In collaboration with the Tufts Department of Computer and Electrical Engineering and colleagues inside and outside Tufts, we have initiated a study on the effects of magnetic excitation on neurotransmitter release and cell death. The objective is to identify the biological substrates involved in cell death following exposure to magnetic fields similar to those emitted by handheld electronic devices (i.e. cell phones and PDAs) and household appliances (i.e. microwave ovens).

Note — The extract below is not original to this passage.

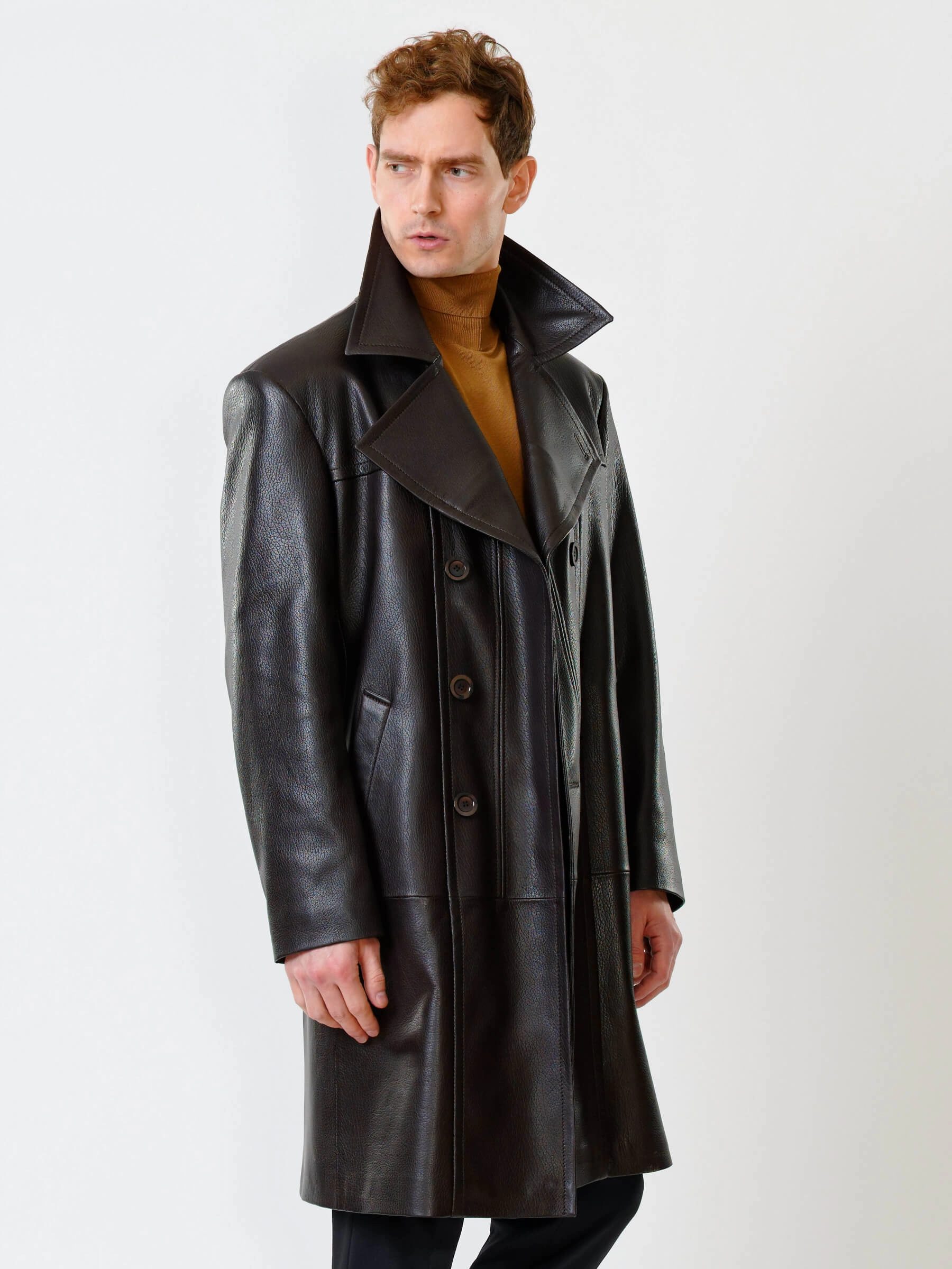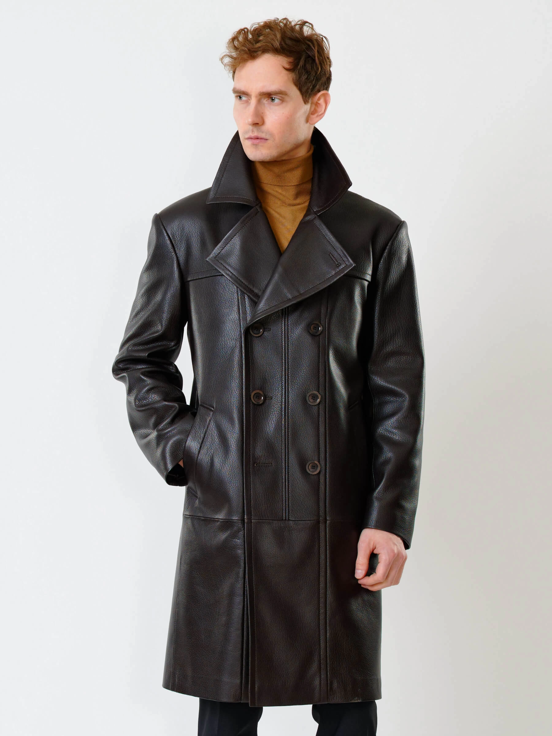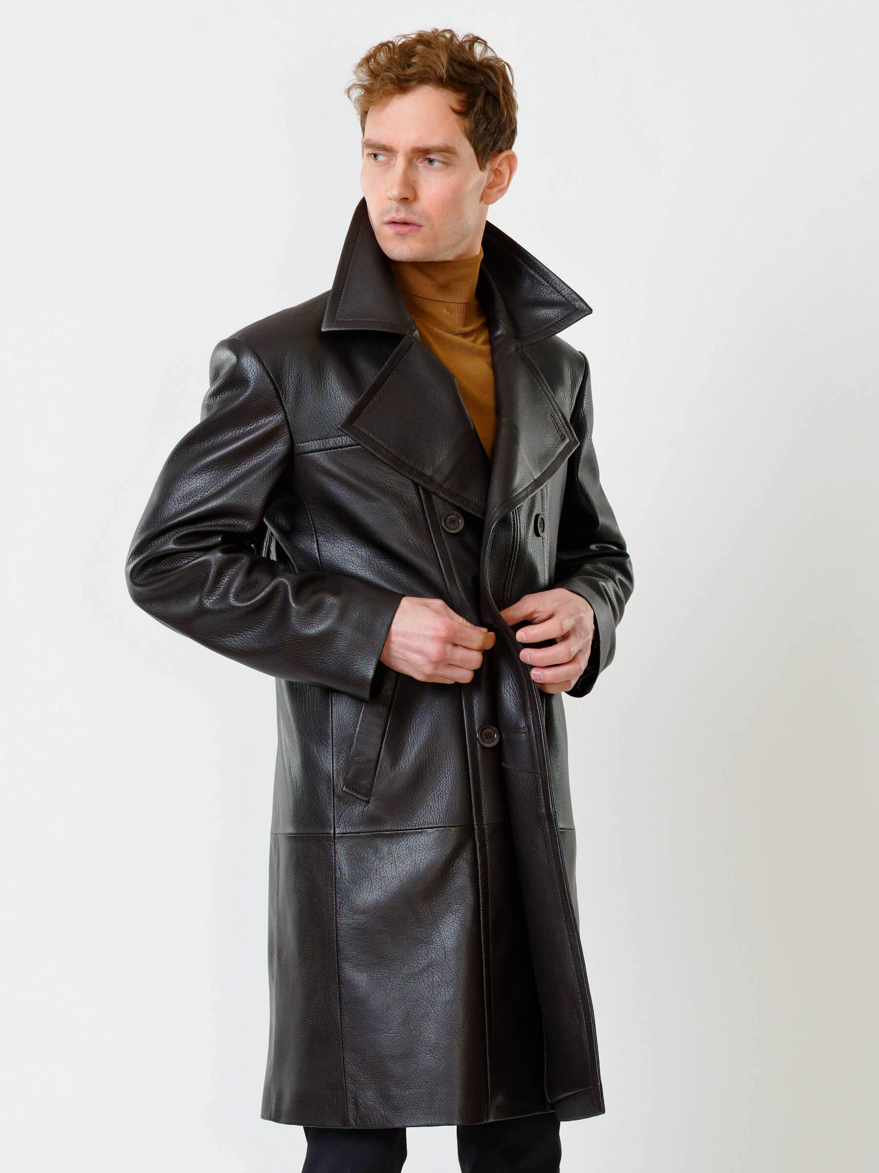 Двубортный мужской кожаный плащ премиум класса Чикаго, коричневый, размер 46, артикул 28500

Furthermore, this line of research will seek to identify the substrates involved in the deep magnetic stimulation therapy currently used for treatment of Parkinson’s disease, depression and psychotic disorders.
|Earth Magnetic Induction
Table 1. Cyclotron resonance frequency in Hz for the most significant ions for neurotransmitter exocytosis. 60 µT is the earth’s magnetic induction in Boston, MA and the frequencies on that column would apply for the magnetic fields studied here.
Figure 3. The circular magnetic coil (center left) used on the microscope stage to induce exposure to magnetic fields. On the left is the recording carbon fiber microelectrode and on the right the stimulating solution glass pipette. The 35mm dish with the cell culture and the ground electrode are pictured in the center. The current flow through the coil is controlled by a computer-driven mini-amplifier.
We have now preliminary evidence to suggest that the cyclotron resonance frequency specific for Ca2+ ions (44-48 Hz, table 1) is the one to significantly increase neurotransmitter quantal size, alter properties of Ca2+ channels, increase Ca2+ entry into the cytosol and, therefore, likely to induce cell death. We accordingly hypothesize that exposure to calcium-specific cyclotron resonance frequencies can potentiate biogenic amine neurotransmitter exocytosis and induce deleterious effects on paracrine and neuronal cells that may suffer damage from prolonged exposure to products of the excess neurotransmitter oxidation. If confirmed, this finding can potentially lead to fundamental innovations in the design of electronic devices so that harmful effects of electromagnetic emissions can be blocked, while beneficial effects of magnetic brain stimulation therapy used in clinical settings are maximized.